New York USA
|Cemetery notes and/or description:|
Listed on the National Register of Historic Places, Huntington's Old Burying Ground was the second public burial place in town (the first one, used from 1650s-1720s was located near the Presbyterian Church in what's now Hecksher Park. The earliest dated marker at Burying Ground Hill is from 1712. Early graves were marked by simple fieldstones or wooden markers. This site was chosen for use as a graveyard because it would not have been productive farmland.

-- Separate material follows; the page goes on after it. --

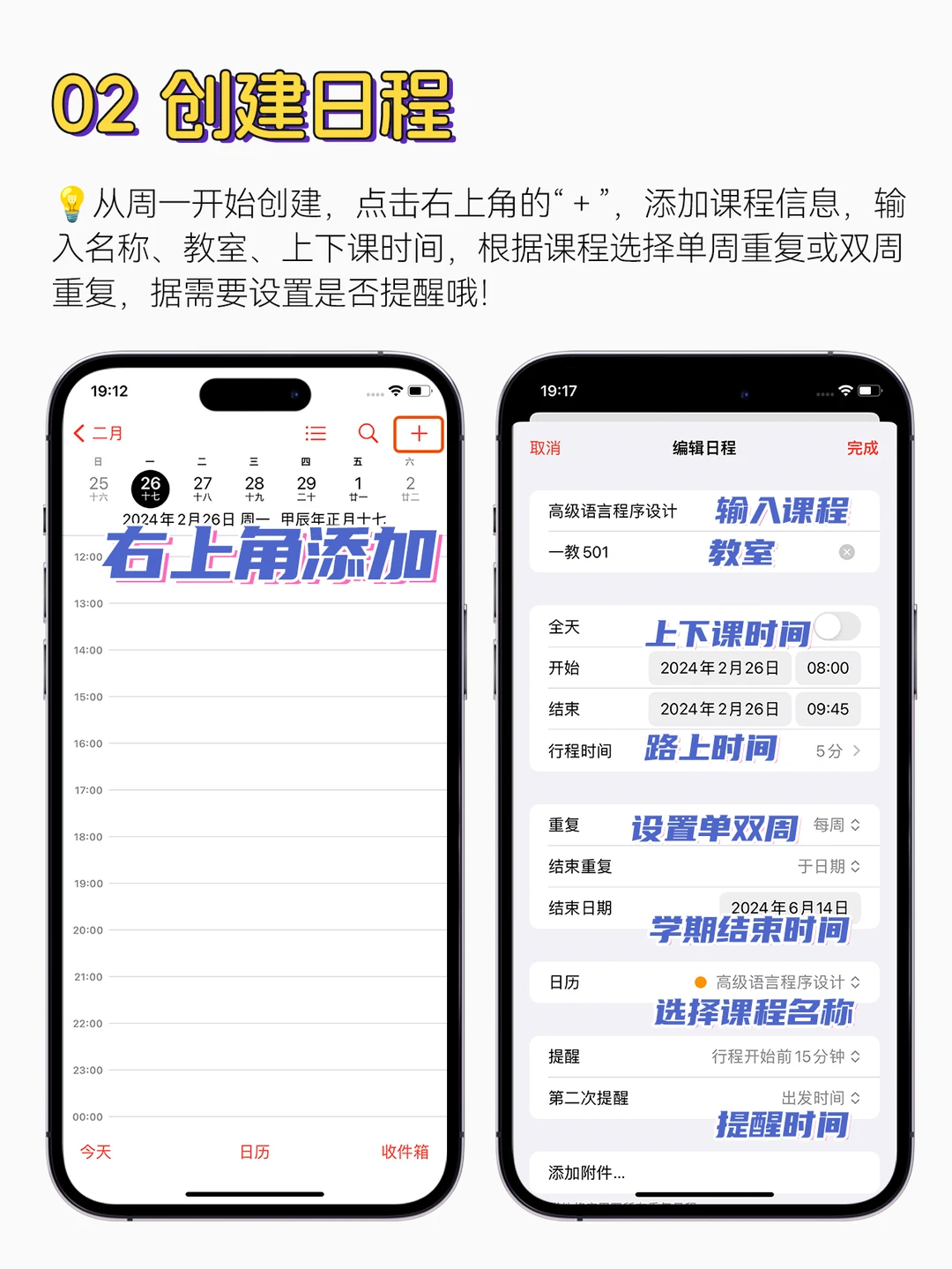 2️⃣从周一开始创建,点击右上角的“+”,添加课程信息,输入名称、教室、上下课时间,根据课程选择单周重复或双周重复,据需要设置是否提醒哦!

During the last winter of the American Revolution, British troops, who had occupied Huntington since September 1776, erected a fort on the top of the burying ground from timbers removed from the Town's Presbyterian Church. Construction of the fort, known as Fort Golgotha, greatly enraged local residents and is the first recorded act of vandalism. At least one hundred tombstones were destroyed and others were used to build bake ovens. According to local legend, bread baked in these ovens bore the reverse inscriptions of the tombstones on the lower crust. Forty-two veterans of the Revolution are buried here.

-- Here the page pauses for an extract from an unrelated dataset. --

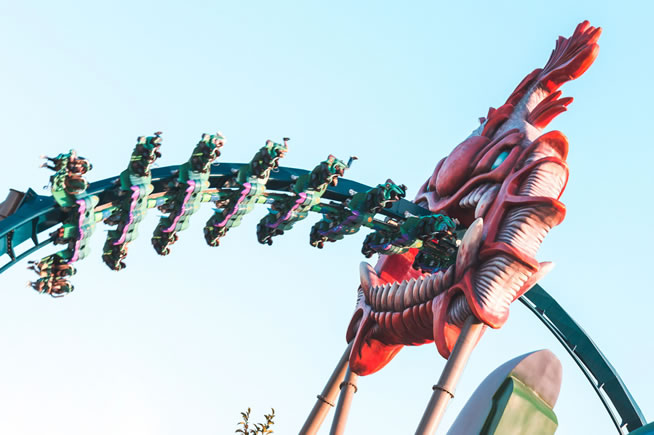 美好時光版的過山車非時光飛車莫屬,翻轉俯沖夠勁卻能穩(wěn)穩(wěn)的飛馳,墜落感在耳邊呼嘯,刺激感被歡樂的氣氛團團包圍。

The graveyard contains some 1246 marked graves, although it is estimated that three to four times as many people are buried here. The yard includes tombstones carved from local fieldstones, sandstone, slate, marble and granite, as well as a zinc marker and three iron markers. The markers bear a wide variety of early decorative patterns, such as a winged death's head and the soul effigy, as well as representations of inscriptive styling typical to other historical periods. In addition to the historical and genealogical information contained on the markers, they are some of the earliest folk art to be found on the Island.